• CERAWeek
  • March 18 - 22, 2024

Alfred Griffin

Generate Capital

Senior Managing Director & Head of Credit

Alfred Griffin is Senior Managing Director and Head of Generate Credit at Generate Capital, where he leads the company’s credit lending platform for sustainable infrastructure. Previously, Alfred was founding President of NY Green Bank, a $1 billion New York State-sponsored specialty finance company focused on specialty finance for sustainable infrastructure and clean energy. He led the organization from concept to over $1 billion of investments, making NYGB the largest exclusively focused sustainable infrastructure private credit fund in the United States -- investing in solar, wind, storage, energy efficiency, fuel cells, controlled environment agriculture, sustainable transportation and other proven technologies expected to reduce greenhouse gases. Prior to NY Green Bank, Alfred spent 16 years with Citigroup Global Markets in a variety of structured finance roles in Capital Markets and Investment Banking. He holds bachelor’s and Master of Business Administration degrees from the University of North Carolina, Chapel Hill. He is a Chartered Financial Analyst.

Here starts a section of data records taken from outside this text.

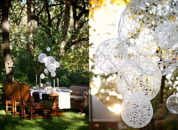 Des boules de ficelles à transformer en lanternes. Un tutoriel déniché sur le blog Ruffled. A réaliser à deux, un pour tenir le ballon l’autre pour entourer le ballon de la ficelle gorgée de colle et d’amidon de maïs. Encore une fois dommage que le blog soit en anglais, Au fil de l’eau vous a dirigé vers un lien sur la photo traduit par Google.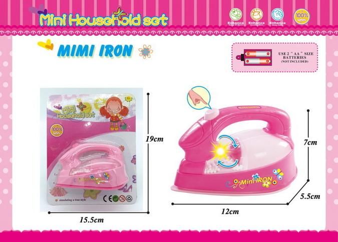 Žehlička. Rozměry 12x5,5x7 cm. Světelné efekty. 2xAA baterie nejsou součástí.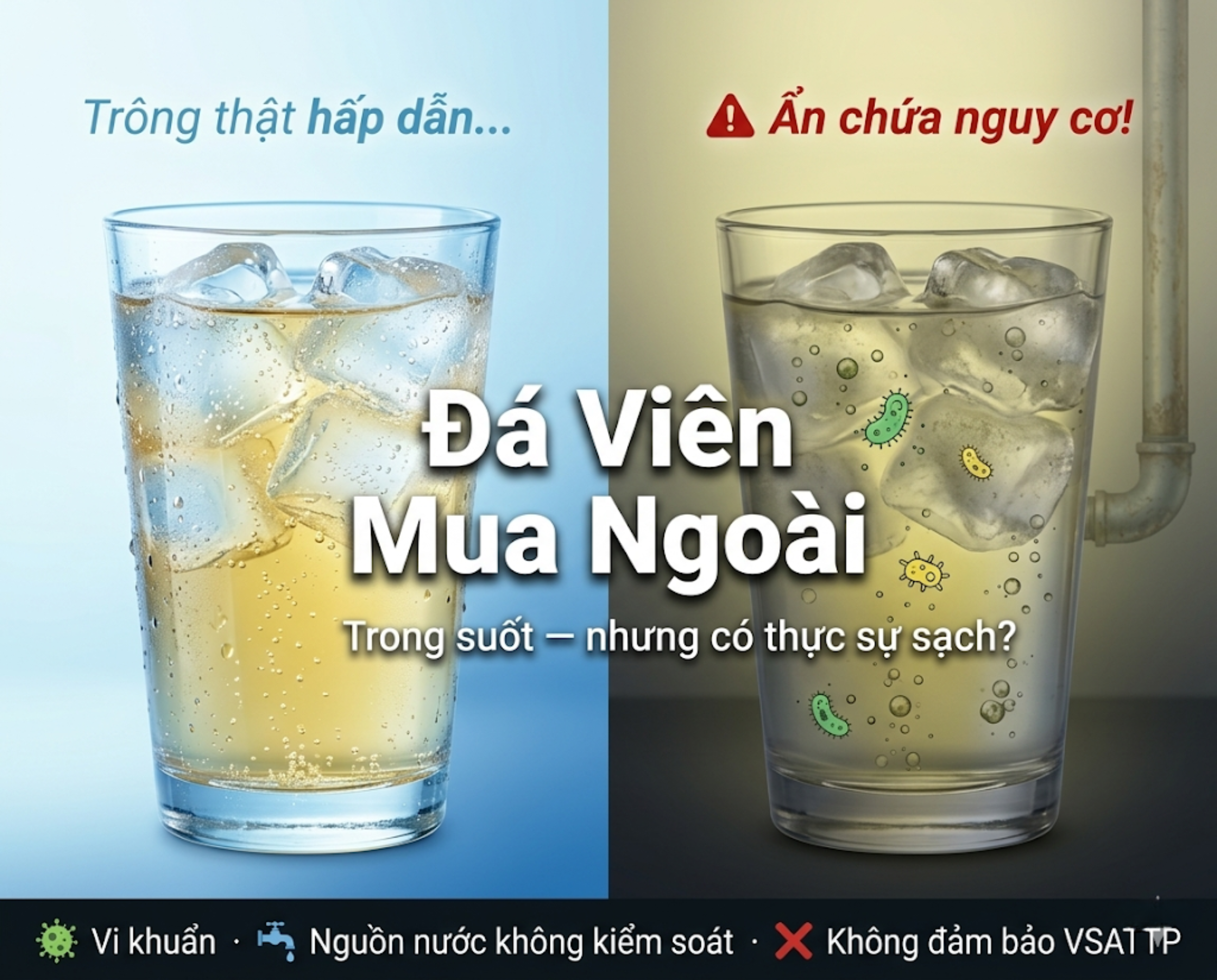 Tuy nhiên, ẩn sau vẻ ngoài trong suốt, mát lạnh của những viên đá mua ngoài là một mối nguy tiềm tàng mà ít người tiêu dùng nhận thức được: nguy cơ về sức khỏe và vệ sinh an toàn thực phẩm.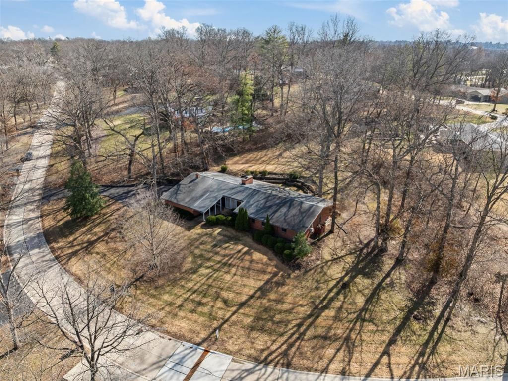 28 Black Oak is not your typical Mid Century ranch in Sunset Hills. This is a statement house set on 1.36 acres.With over 2,700 square feet, the home is centered around a dramatic main living space defined by walls of 10-foot-tall solid glass stretching across both the front and back. Light floods the room from every angle. Feeling architectural and almost gallery-like. A floor-to-ceiling brick fireplace stands boldly in the center, dividing the living and dining areas without closing off the space. The layout of the home further unfolds in two distinct wings. The kitchen, complete with an eat-in breakfast area, half bath, and adjacent laundry room, remains a true time capsule, ready for someone with vision to either preserve its charm or reimagine it entirely.On the opposite side of the home, the private wing includes a spacious primary suite with a large walk-in closet and ensuite bath, along with four additional bedrooms. One offers flexibility as a secondary living room, studio, or family space depending on your needs. The footprint is generous. The possibilities are wide open.With this massive lot at the back of the subdivision, the home sits elevated atop a hill, creating a quiet, almost estate-like presence. Mature trees surround the property, offering privacy and a sense of retreat rarely found in established neighborhoods. The lot alone is something special.This is one of the only original-owner homes in the neighborhood, a rare opportunity to acquire a property that has never changed hands. It has been lovingly maintained, but it is dated and being sold as-is.For the buyer who sees potential instead of projects. For the one who appreciates strong bones, dramatic lines, and light that can't be duplicated... 28 Black Oak is ready for its next chapter.
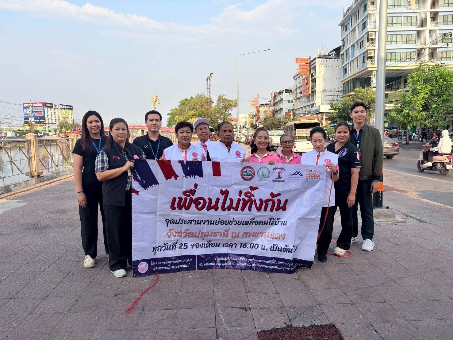 เจ้าหน้าที่ฝ่ายสังคมสงเคราะห์ ฝ่ายส่งเสริมสวัสดิการสังคม กองสวัสดิการสังคม เทศกิจ ร่วมลงพื้นที่กับ ศูนย์คุ้มครองและเสริมสร้างคุณภาพชีวิตจังหวัดปทุมธานี สมาคมคนไร้บ้าน อาสาสมัครพัฒนาสังคมและความมั่นคงของมนุษย์ ตาม “โครงการปฏิบัติการไม่ทิ้งใครไว้ข้างหลัง จุดประสานคนไร้บ้าน” ประจำเดือนกุมภาพันธ์ 2569 โดยตั้งจุดประสานคนไร้บ้าน บริเวณสะพานแดง และจัดระเบียบบริเวณสะพานลอยฟิวเจอร์พาร์ครังสิต ซึ่งได้ประสานภาคีเครือข่าย เพื่อสร้างความรู้ความเข้าใจในการดำเนินงาน ช่วยเหลือการเข้ารับการคุ้มครองในศูนย์คนไร้ที่พึ่ง และช่วยเหลือในด้านอื่นๆ แก่ผู้ประสบปัญหาทางสังคม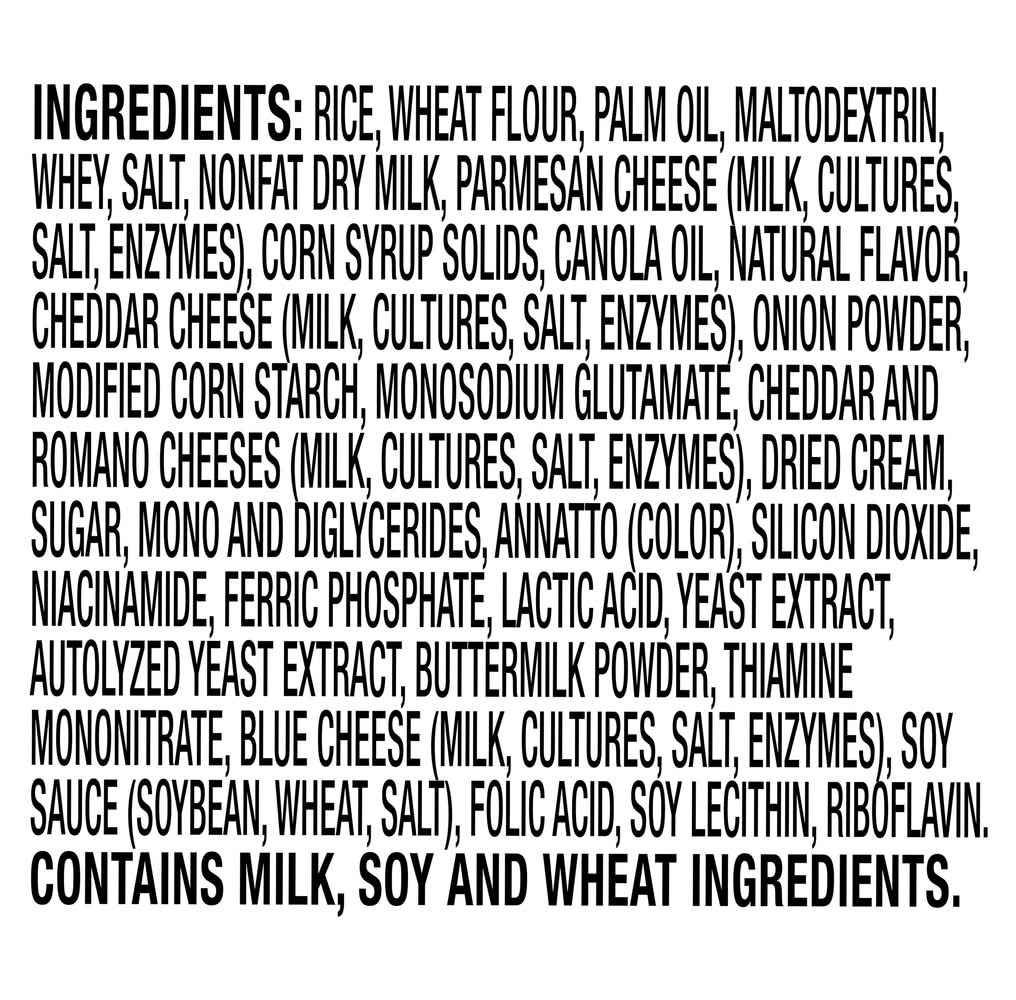 Ingredients: Rice, Wheat Flour, Palm Oil, Maltodextrin, Whey, Salt, Nonfat Dry Milk, Parmesan Cheese (Milk Cultures Salt Enzymes), Corn Syrup Solids, Canola Oil, Natural Flavor, Cheddar Cheese (Milk Cultures Salt Enzymes), Onion Powder, Modified Corn Starch, Monosodium Glutamate, Cheddar and Romano Cheeses (Milk Cultures Salt Enzymes), Dried Cream, Sugar, Mono and Diglycerides, Annatto (Color), Silicon Dioxide, Niacinamide, Ferric Phosphate, Lactic Acid, Yeast Extract, Autolyzed Yeast Extract, Buttermilk Powder, Thiamine Mononitrate, Blue Cheese (Milk Cultures Salt Enzymes), Soy Sauce (Soybean Wheat Salt), Folic Acid, Soy Lecithin, Riboflavin Contains: Wheat, Corn, Milk, Soybeans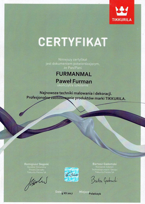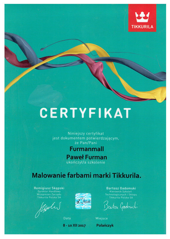 Najczęściej stosujemy farby Tikkurila Makor-Tix, grunto-emalia akrylowa spełniająca funkcje antykorozyjnej farby gruntującej i tiksotropowej emalii nawierzchniowej (2 w 1). Tworzy trwałe, matowe powłoki o wysokiej sile krycia, bardzo dobrych właściwościach mechanicznych i doskonałej odporności na działanie czynników atmosferycznych.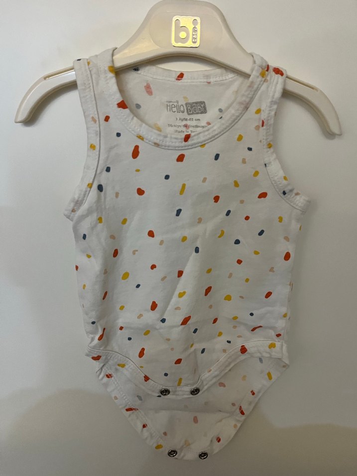 Yumuşak pamuklu kumaş üzerinde hafif batik desenli, kolsuz, bisiklet yaka bebek body, sokak tarzı için uygun.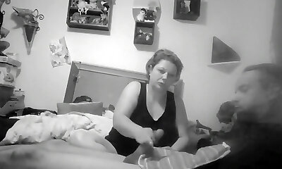 Son pleases mom with hand and cock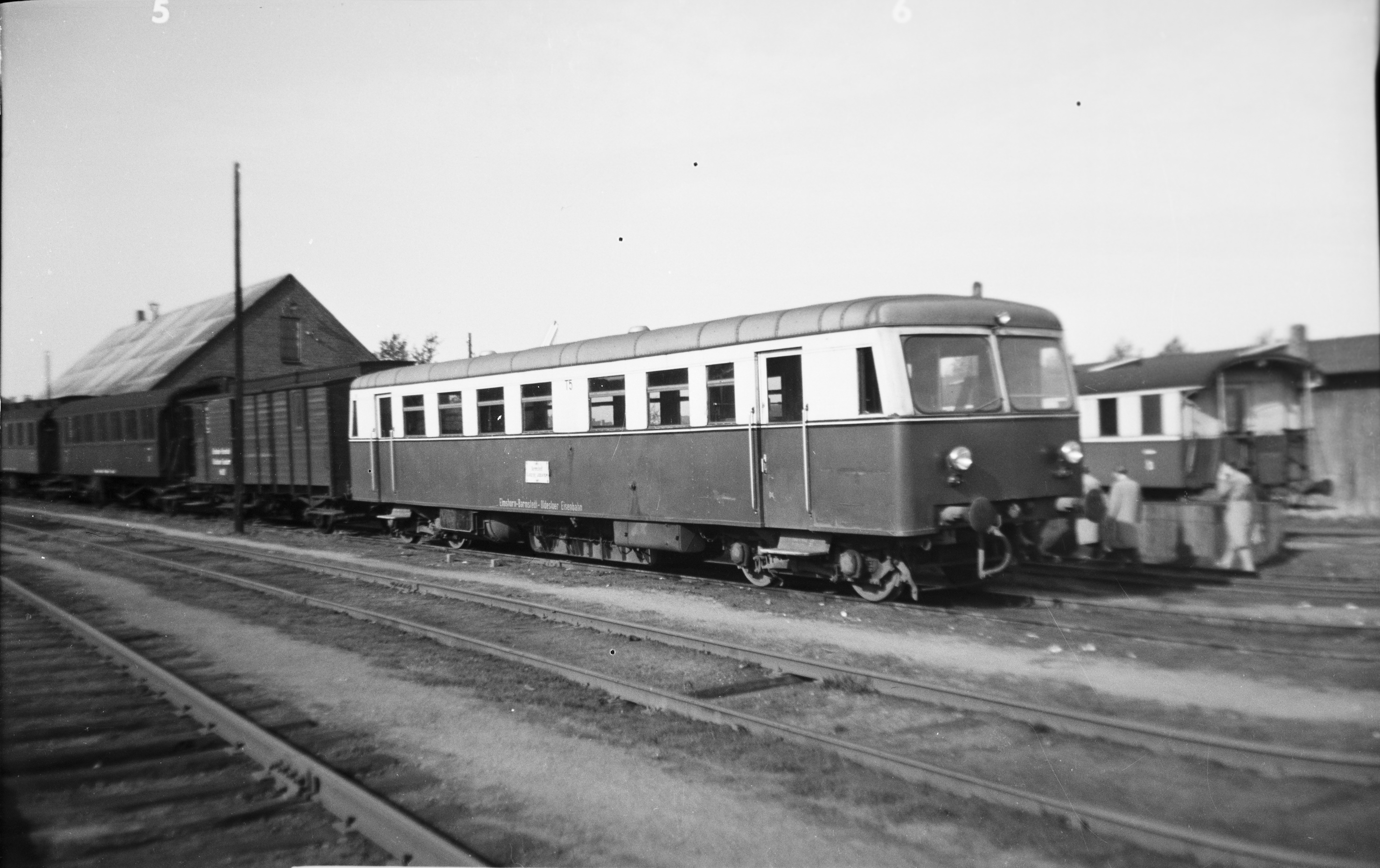 Dieses Bild passt zu einer Reihe weiterer Bilder aus dem Jahre 1958. Die Bilderserie zeigt die abgestellten Triebwagen, Packwagen und Personenwagen im Jahre 1958 neben dem Lokschuppen des Bw Barmstedt. Hier sehen wir den MAN Triebwagen T5 vor dem Packwagen Pw20 und Personenwagen 16. Aufnahme von Manfred Hohmann.

Sessions With Alfred Griffin

Thursday, 21 March

  • 03:30pm - 04:10pm (CST) / 21/mar/2024 08:30 pm - 21/mar/2024 09:10 pm

    Capital Choices in Clean Energy: Thinking long, thinking short

    Finance & Investment/Trading & Risk Management

    A few years ago, capital was crowding into cleantech on the theory that the energy transition was accelerating on every vector. The picture has since become more nuanced, with fund managers and institutional investors revolving back to a return’s orientation balanced with investment horizon realism. Clean energy project developers are being asked to show cash flow potential, and new technologies need a demonstrable path to market. Short-cycle investors are focused on margins, while long-cycle investors are still attuned to growth opportunities. How do companies, investors and developers craft their strategies in this new multiple choice capital markets environment?